Selain menganggit puisi, Triyanto Triwikromo juga menulis kumpulan cerpen Rezim Seks (2002), Anak-anak Mengasah Pisau (2003), Malam Sepasang Lampion (2004), cerpennya Cahaya Sunyi Ibu termuat dalam 20 Cerpen Indonesia Terbaik 2008 Anugerah Sastra Pena Kencana.
Pada tahun 2012-2013 ia terlibat dalam penggarapan program City Book yang diproduksi oleh deBuren (rumah produksi dari Belgia). Proyek ini memuat 10 puisi panjangnya tentang Semarang sebelum dan pascakolonial yang diterjemahkan dalam bahasa Belanda, Inggris dan Perancis. Cerpen-cerpennya juga diterjemahkan dalam bahasa Swedia dan Inggris.

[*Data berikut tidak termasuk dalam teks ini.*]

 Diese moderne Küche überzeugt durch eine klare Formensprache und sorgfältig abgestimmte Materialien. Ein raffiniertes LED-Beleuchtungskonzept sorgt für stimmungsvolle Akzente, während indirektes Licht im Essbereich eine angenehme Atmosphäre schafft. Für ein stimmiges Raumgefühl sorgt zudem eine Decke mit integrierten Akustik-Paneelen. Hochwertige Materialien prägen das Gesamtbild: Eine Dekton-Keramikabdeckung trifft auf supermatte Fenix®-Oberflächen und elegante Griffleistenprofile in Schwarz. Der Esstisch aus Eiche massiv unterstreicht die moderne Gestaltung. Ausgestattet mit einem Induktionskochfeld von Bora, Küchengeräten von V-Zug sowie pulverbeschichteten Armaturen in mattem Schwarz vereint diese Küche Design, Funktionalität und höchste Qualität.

Dalam menulis karya sastra, Triyanto Triwikromo termasuk penganut realisme yang dihiasi imaji surealistik. Seperti cerita-cerita yang terhampar dalam setiap lembar di buku ini, yang ganjil silih berganti dengan yang riil. Chaos menjadi kosmos. Sebuah novel yang akhirnya bukan sekadar karya fiktif. Dengan terus terang ia mengarangnya dengan memperlihatkan sebuah permainan yang cerdas dan kerapian yang berlatar bumi Indonesia.

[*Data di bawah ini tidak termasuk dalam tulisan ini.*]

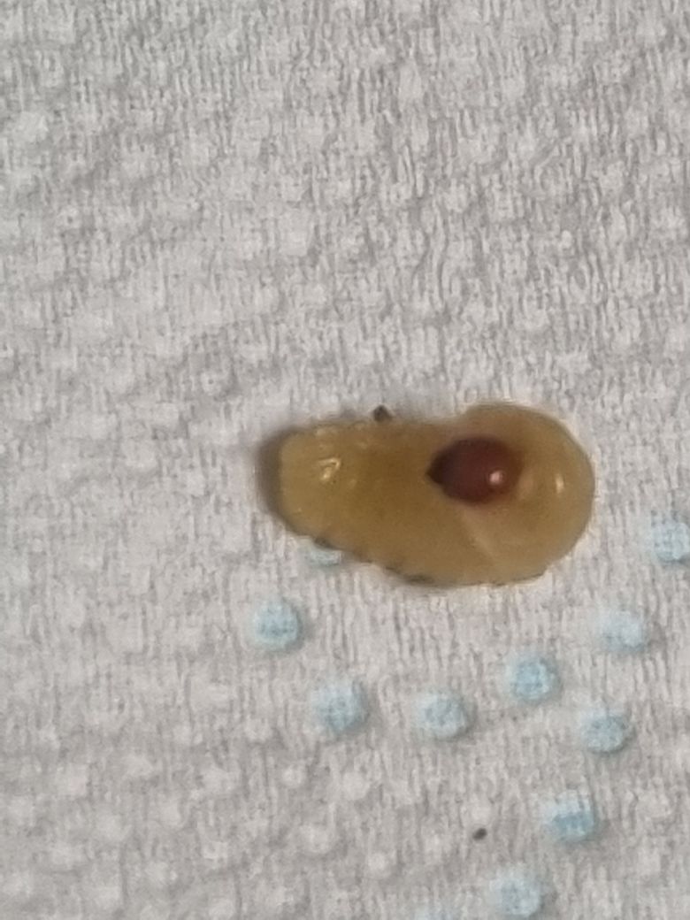 풍뎅이나 꽃무지의 애벌레로 추측되는것 같습니다만 애벌레라 정확히 알기가 어렵습니다 작은 하늘소의 애벌레 일 수 도 있구요
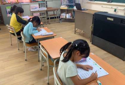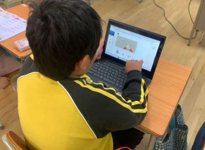 1年生は算数ドリルやパソコンでの学習アプリ、読書など、課題に合わせて自分で学習を進めていました。「先生見て!シール!!全部正解しないともらえないんやでー!」と楽しみながら取り組んでいました。
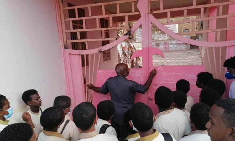 تبادل رواد مواقع التواصل الاجتماعي صوراً مؤثرة لمعلم سوداني يقوم بمراجعة دروس لتلاميذه المتحنيين لشهادة الأساس بالعاصمة السودانية الخرطوم، متخذاً البوابة الخارجية للمدرسة «سبورة» عقب اغلاقها من قبل السلطات الحكومية لتبعيتها لمنظمة محلولة.

Surga Sungsang bercerita tentang tanjung yang terus kena abrasi hingga hampir tenggelam. Tokoh-tokohnya juga melibatkan para malaikat, nabi, wali dan syeikh. Sebagaimana di halaman 9, Triyanto Triwikromo menulis: Tak hanya dianggap memiliki semua mukjizat yang bisa dilakukan Nabi Musa, seorang warga pernah menceritakan dengan terperinci, Syekh Muso juga pernah ditelan semacam naga, semacam kerbau laut, atau hius raksasa, dan tak mati meskipun telah berada di perut hewan itu selama sehari semalam. Karena itu warga yakin Syekh Muso itu sesungguhnya Nabi Yunus yang diutus menyelamatkan kampung dari kehancuran dan kemungkaran.

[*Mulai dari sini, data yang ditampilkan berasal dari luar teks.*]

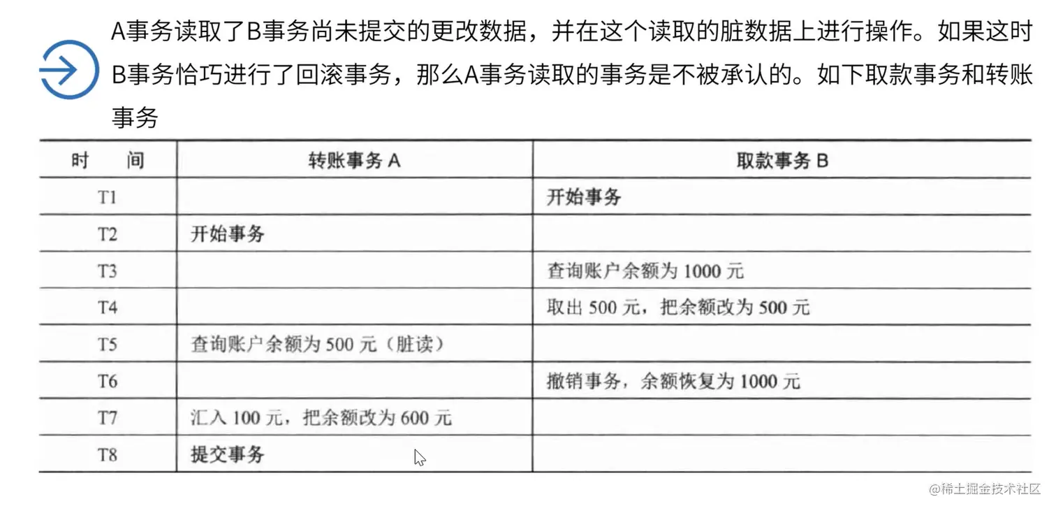 脏读 Dirty Read :是指一个事务读取了另一个事务未提交的数据
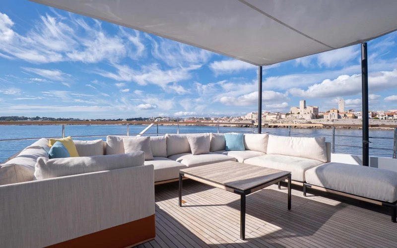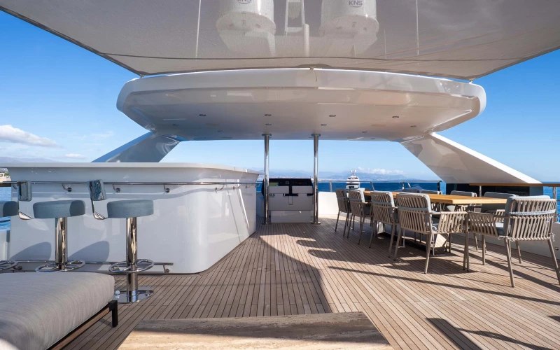 Ray is great for families thanks to her child-friendly setup. Built in 2025, She offers guest accommodation for up to 10 guests with a layout comprising a master suite located on the main deck, two VIP cabins and two twin cabins. There are 7 beds in total, including 2 king, 2 queen, 2 singles and 1 pullman. She is also capable of carrying up to 6 crew onboard to ensure a relaxed luxury yacht charter experience.
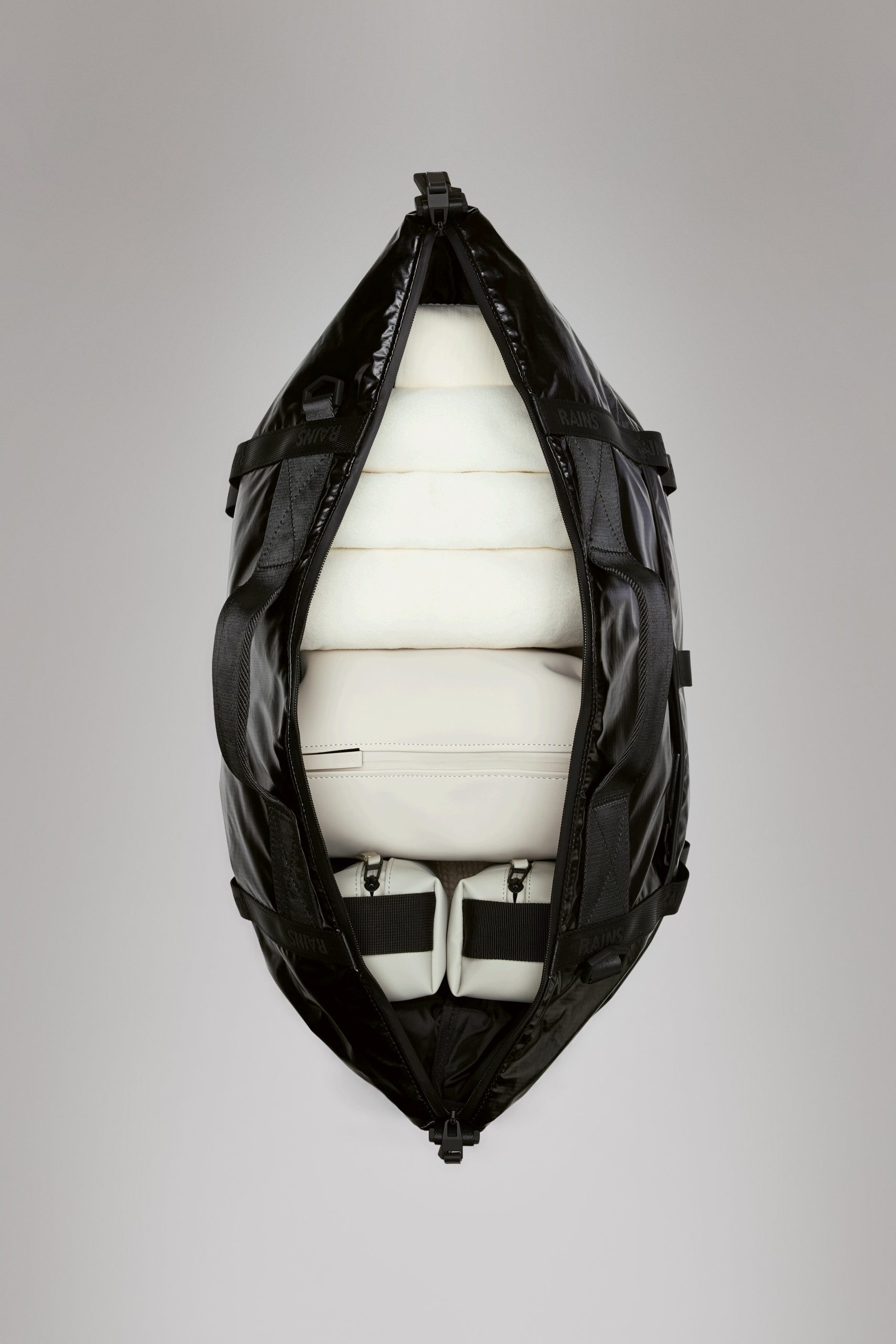 Sibu Weekend Bag is a light and compact travel-favorite. It’s cut from durable nylon-ripstop and coated for all-weather protection.Sibu Weekend Bag is designed with intention, keeping its weight low and practicality high. This weekend bag is characterized by a compact, yet spacious main compartment with a smaller mesh pocket for loose essentials. In need of more space — just unclip the carabiners on the side to expand the volume of the bag.Externally, the design is fitted with sturdy webbing storage loops, a key loop with snap hook and a zipped pocket at the front. Sibu Weekend Bag can be carried in the removable crossbody strap or in the carry handles. Sibu Weekend Bag is cut from technical nylon-ripstop fabric finished with a water-repellent TPU coating. The design is sleek and lightweight with great durability.
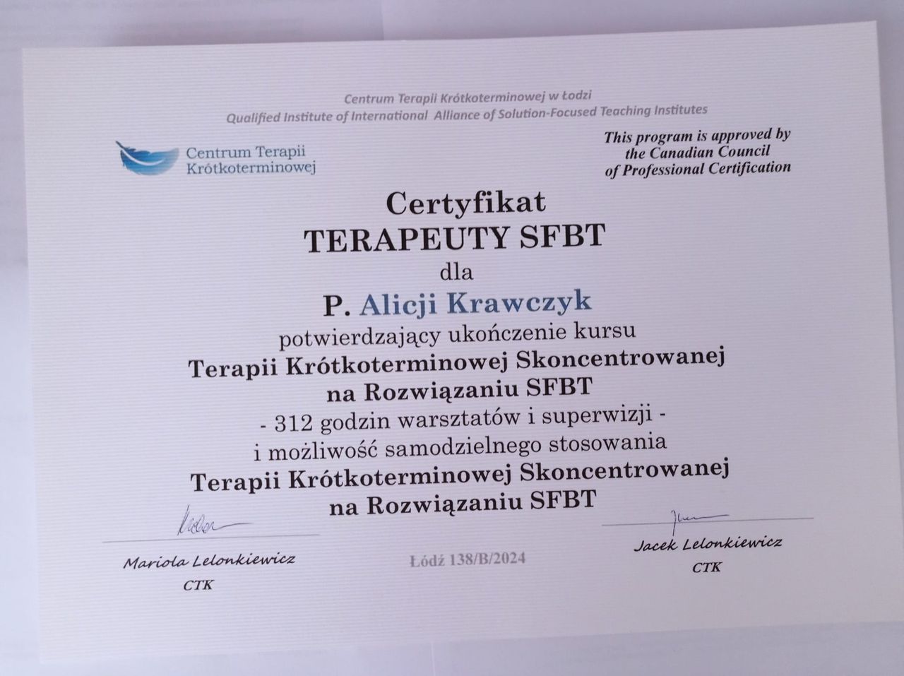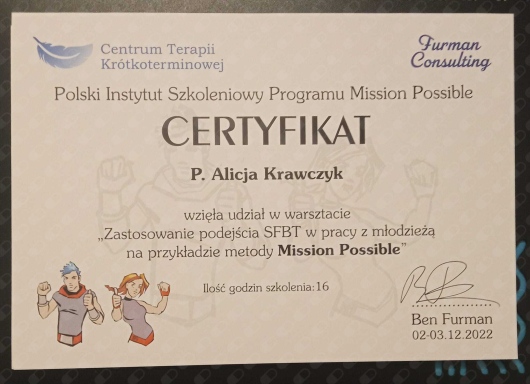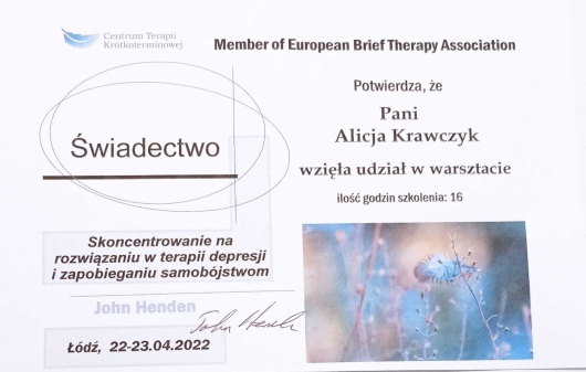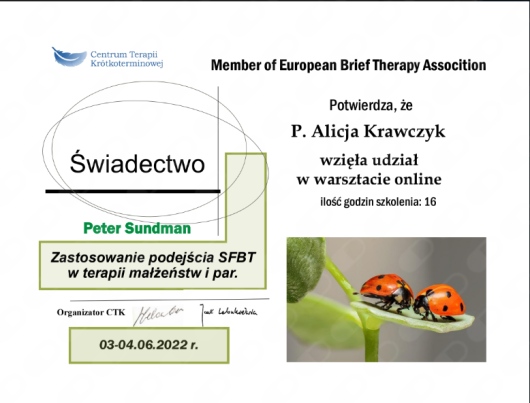 Polecam spotkania terapeutyczne z Panią Alicją.

Di samping Syekh Muso, Nabi Musa dan Nabi Yunus, penulis cerita ini juga memunculkan tokoh lain bernama Khadijah, Khidir dan Izrail. Seperti yang dikutip di halaman 116: Sungguh terkejut Khadijah ketika merapat ke Makam Syekh Muso. Makam ini telah berantakan. Atap cungkup ambruk. Ada gerowong tanpa dasar di nisan. “Tak usah terkejut. Seseorang telah meledakkannya. Dia telah mengebom tempat yang dianggap oleh orang-orang bodoh sebagai makam keramat ini,” kata Khidir.
“Sebentar lagi ganti kami yang akan membakar lelaki brengsek itu. Lihat saja semua kejadian dari sini,” sambung Izrail.
Dan demikianlah seterusnya. Seperti kata KH A. Mustofa Bisri (Gus Mus) dalam memberi endorsement atas buku ini, Surga Sungsang berbicara tentang persoalan penting kemanusiaan yang dikemas canggih dalam teknik perceritaan yang inovatif.